The ambiance reflected the whole of our three days: a gathering of like-minded CAA members and their spouses or friends, in the thrall of technologically unparalleled water management, powerful museums and historic towns. Above all, the great camaraderie amongst members of the Chase Alumni Association was fueling our days in the Netherlands, where we are now a bit more knowledgeable about “The Netherlands We Did Not Know!”
The following CAA members with friends and/or spouses took part of our journey:
James Adamson & Vivian Lind; Charlotte and David Ball; Anne Bush; Jean Marc and Marianne Bara; Tom and Nancy Farrell; Jim and Mary Fleming; Becky Ford and Jim Johnson; Toni Geyelin; Paul Heller and Ruth Acker; Stephen and Betsy Hunter; Ken and Ann Jablon; Maria and Gerhard Lippburger; Tom Lynch; Jean Claude and Myriam Schaeffer; Hans and Marian van den Houten; John and Denise Ward; Jeanne Warner, and David & Beryl Willmot
* * *
From Tom Lynch:
And here’s our final word:
As you know, Beryl and I stayed on for a few days in Amsterdam, and got home late last night. Koningsdag is an unusual sight, to say the least, and my memory is that it is a party from the top of Damrak to the bottom of Rokin ( hat being almost as far as I could walk). We still discuss how many fell into the canals, given the number of boats, loaded to the gunwhales with people, booze and food.!

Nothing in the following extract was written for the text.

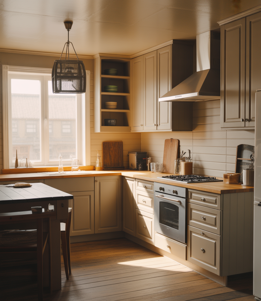Softly painted cabinets alongside butcher block counters continue to appeal to homeowners seeking warmth. In 2026, neutral paint tones allow the wood to take center stage while keeping the kitchen light and approachable.

But now, we must thank you and Marian for all the hard work you both put in to organising and shepherding all of us around. We both thought it was a super trip, and most informative. It was pretty obvious to us the mistakes made by the UK Government, who thought they could save money by ceasing to dredge rivers, and then wonder why flood plains developed. The restaurants chosen for meals were excellent, and I suspect that we ate and drank too much.However, it was thoroughly enjoyable.
Thank you once again. I’m sure our paths will cross again in the future.